Mali: Les femmes disent non à la guerre (Lettre des Affaires Internationales du PCF)

Carte du mali selon le ministère français des affaires étrangèresUn appel a été lancé à l’initiative de la féministe Aminata Traoré et de nombreuses personnalités maliennes pour s’opposer à l’intervention militaire étrangère au Mali. Elles dénoncent l’instrumentalisation des « violences faites aux femmes pour justifier l’ingérence et les guerres de convoitise des richesses de leurs pays ». Vendre la guerre au nom de cette instrumentalisation est « moralement indéfendable et politiquement intolérable ».

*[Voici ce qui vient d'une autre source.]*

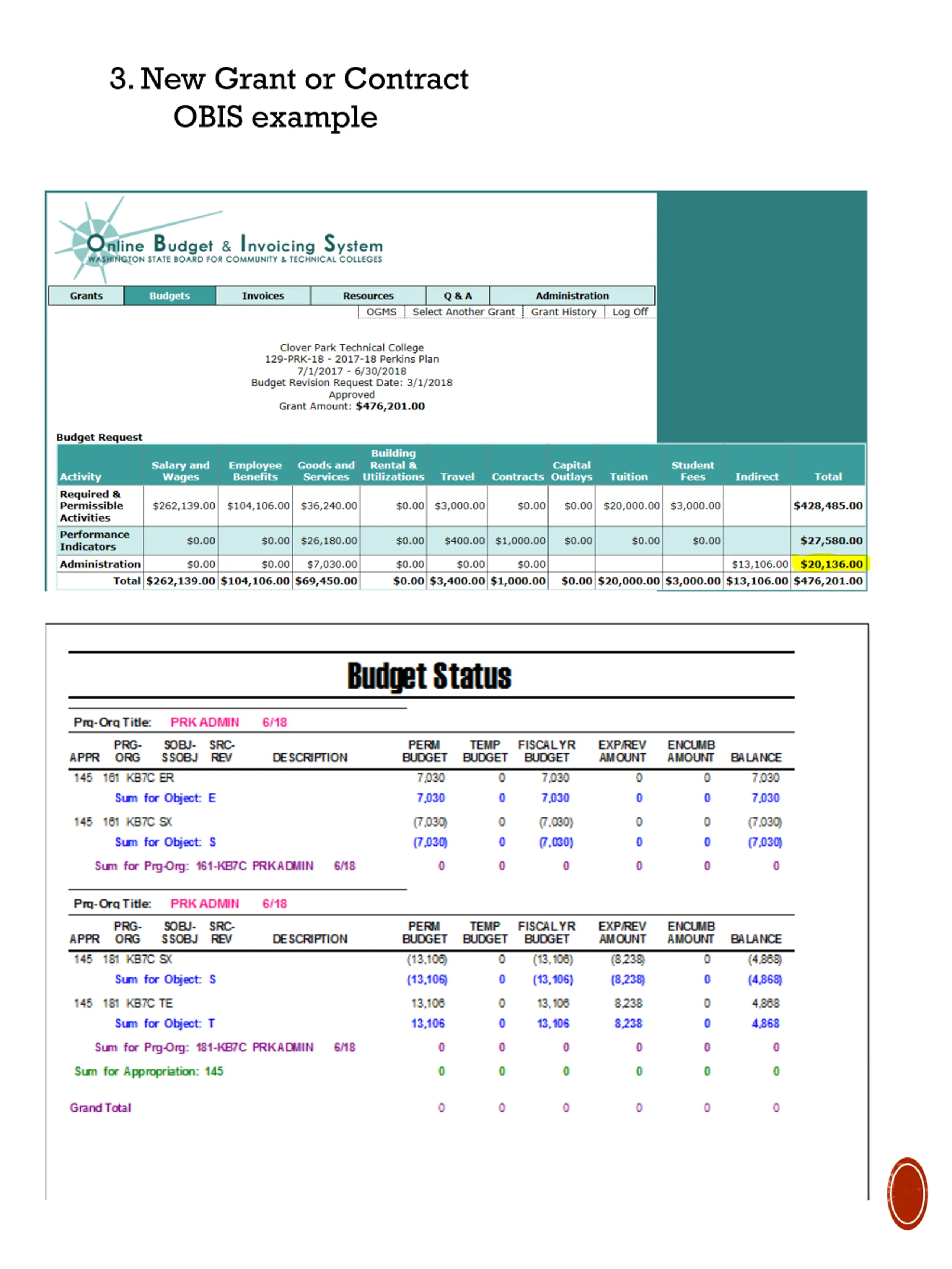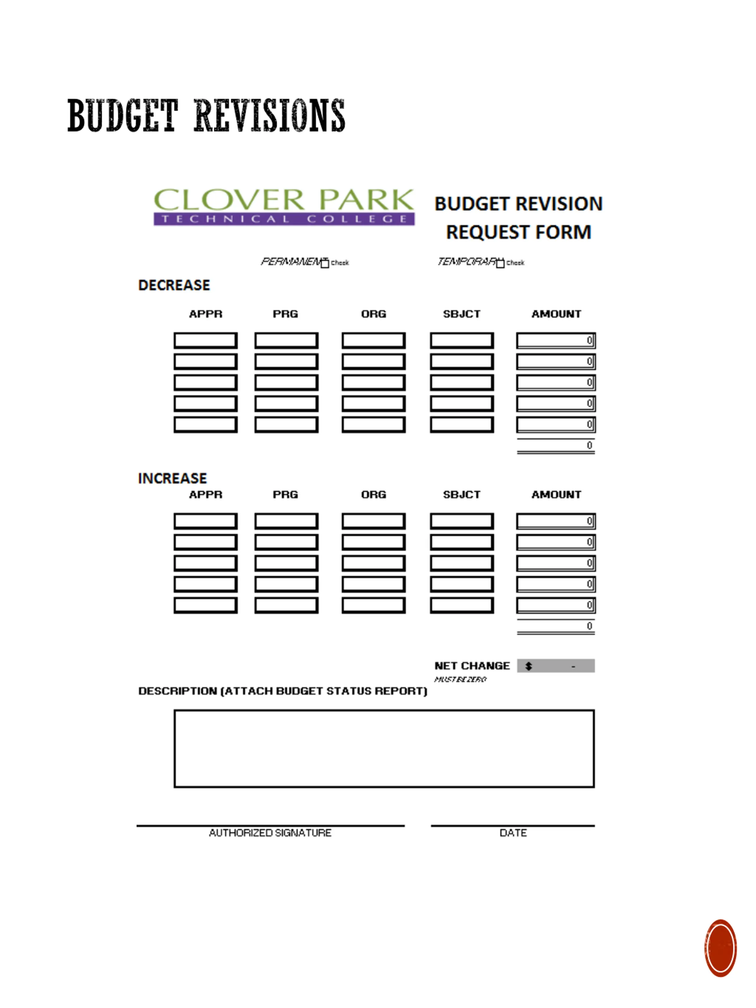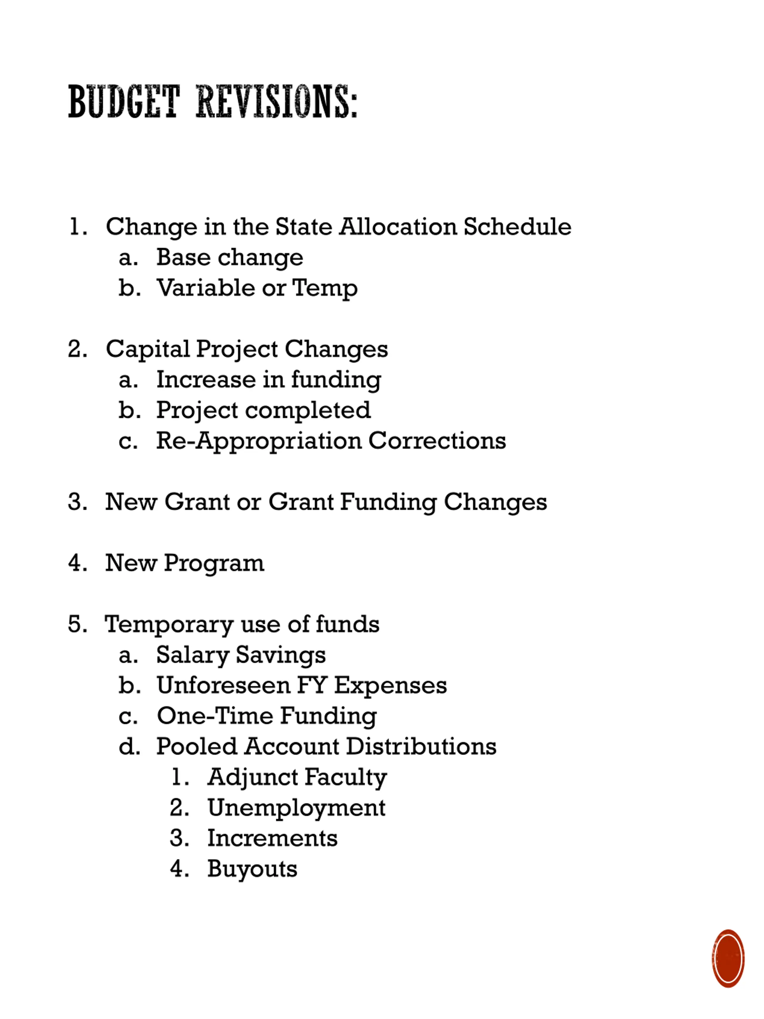 BUDGET REVISIONS: 1. Change in the State Allocation Schedule a. Base change b. Variable or Temp 2. Capital Project Changes a. Increase in funding b. Project completed c. Re-Appropriation Corrections 3. New Grant or Grant Funding Changes 4. New Program 5. Temporary use of funds a. Salary Savings b. Unforeseen FY Expenses c. One-Time Funding d. Pooled Account Distributions 1. Adjunct Faculty 2. Unemployment 3. Increments 4. Buyouts

Les femmes maliennes ont décidé de le « faire savoir » et de s’opposer à cette guerre par procuration. Elles appellent « à réagir et à lutter contre les trois formes de fondamentalisme : le religieux à travers l’islam radical ; l’économique à travers le tout marché ; le politique à travers la démocratie formelle, corrompue et corruptrice», qui favorisent toujours un peu plus la négation des droits humains. Dans un premier temps, cet appel souligne le « déni de démocratie ». La demande « de déploiement de troupes africaines au nord du Mali, transmise par la Communauté des états d’Afrique de l’Ouest (CEDEAO) et l’Union africaine aux Nations unies, repose sur un diagnostique délibérément biaisé et illégitime ». Cette intervention militaire« n’est fondée sur aucune concertation nationale, ni au sommet, ni à la base ».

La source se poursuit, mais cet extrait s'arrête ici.